My reflexes were a little dulled by the beer I’d chugged a few minutes ago, so I wasn’t expecting Joe to be right outside the restroom.

I made a chirping sound of surprise and he said, “Whoa, sorry. I didn’t mean to scare you.”

“What’s up?” I asked.

We were in the narrow hallway where the bathrooms and an ancient cigarette machine sat, one of the last few left in any of the bars in town. A couple of kids’ high chairs were stacked, the wooden kind with the straps that never seemed to work, and serving trays were on stands, covered in clean glasses.

“You really think it’s a good idea for Trevor to sing?” Joe asked, coming close, speaking in a hushed voice.

The air between us crackled with a vibration that made me want to reach across and just kiss him, touch him, to know what it felt like to commune with that perfect body and that sculpted face. I licked my lips and swallowed, widening my eyes, doing anything to take my internal state from the humming arousal that quickly pervaded me. It was like sticking your tongue in a light socket and getting zapped, except I wanted to stick my tongue in Joe.

“What are you doing, Joe?” I asked, knowing damn well what he was trying to do.

“I don’t know,” he answered simply. A smoky, dusky look in his eyes obscured whatever he was feeling and at the same time transmitted enough for me to know that we were definitely thinking the same thing. He reached out and within seconds his arms were around me and I was kissing the face of a god. That he’d been such an asshole to me faded, not because I was some kind of whipping girl – although…hmm, there was a thought – but because he seemed so needy, confused and in shambles on the inside using anger to cover it all.

His mouth was more demanding than I’d expected, thinking him tentative and a bit too OCD for my tastes. There was a wild man inside Joe and it was coming out inch by inch through his tongue, through his hands and the way his thighs pressed into mine, hips pushing me against his obvious arousal. As he parted my lips, my surrender nearly complete, my betrayal well under way, we heard the faint clearing of a throat.

There stood Trevor, the guitar slung around his neck, hanging down and covering his clothed body.

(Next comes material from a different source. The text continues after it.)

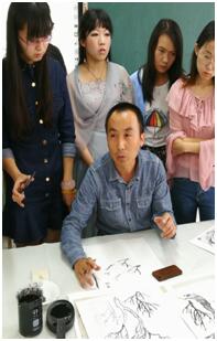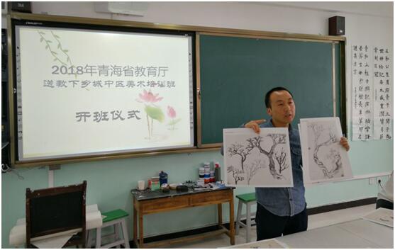在開班儀式上,邀請到青海師范大學(xué)美術(shù)學(xué)院冶珍國教授授課指導(dǎo)。冶珍國老師是國畫專業(yè)出身,尤其在山水畫方面有著非常豐富的經(jīng)驗(yàn)。他詳盡的解析,簡練的歸納,熟練的示范讓老師們贊不絕口。他用簡單易懂、深入淺出的方法為參訓(xùn)教師講解了國畫山水中各種各樣的樹的枝干及葉片的繪畫方法。他畫功精湛,和藹可親,創(chuàng)作風(fēng)格清雅,不時地引起陣陣掌聲。老師們感慨萬千,都認(rèn)為這是一次非常有意義、有效果的技能培訓(xùn),希望以后還能有這樣的機(jī)會不斷提高自己的業(yè)務(wù)水平!

It seemed incongruous, as if the only reason he should be wearing a guitar was as a piece of covering, redundant, the instrument now hung as his hands went limp and loose at his sides, his face questioning – not angry, not pissed like he had every right to be, just…curious.

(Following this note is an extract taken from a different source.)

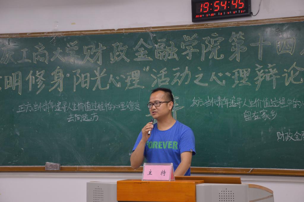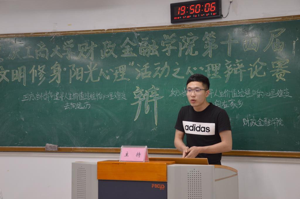 为推动我校学生心理健康工作的发展,营造积极向上的校园文化氛围,2138CC太阳集团财政2138CC太阳集团于2018年5月20日19点在博智楼07405举办了第十四届“文明修身·阳光心理”系列活动之心理辩论赛。财政2138CC太阳集团研究生党支部书记杨宁老师和学生第一党支部书记文理老师莅临比赛现场,2138CC太阳集团校辩论队队长张桂旗、国际商学院辩论队队长黄雯以及会计学院辩论队队长谭智杰担任本次比赛的评委。

“I didn’t know they offered CPR classes here at Jerry’s,” he said quietly.

Joe didn’t let go of me and that felt surprisingly OK. Joe didn’t pull away, his hands stayed firmly in place on my back, my ass, his head only turning to look at Trevor. He didn’t answer the obviously rhetorical observation, and Trevor looked at me, a puzzled expression making him frown.

“I’m so sorry,” I said, the words a gasp, astonished as much at my own behavior as I was at being caught.

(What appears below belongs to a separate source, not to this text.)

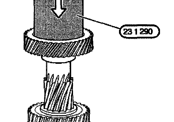Place fixed wheel on the layshaft and press firmly into place with special tool 23 1 290.

His eyes burned over the two of us, covering every square inch from head to toe and then a sickly grin followed by, “You don’t have to apologize.”

He reached out and put a hand on Joe’s shoulder. Joe flinched but Trevor held steady.

“I don’t know why,” he whispered, “but it really doesn’t bother me.”

My whole body had gone numb from fear and humiliation. I wasn’t one to cheat on people; that had never been my style. Some sort of supernatural force pulled me to Joe and not in a Buffy the Vampire Slayer kind of way or that stupid Twilight movie but more like soul mates drawn together in another lifetime. Trevor, too – it was as if standing here, the three of us touching, were creating an entity more powerful than each of us separated, individuals who were lesser when we weren’t connected and together.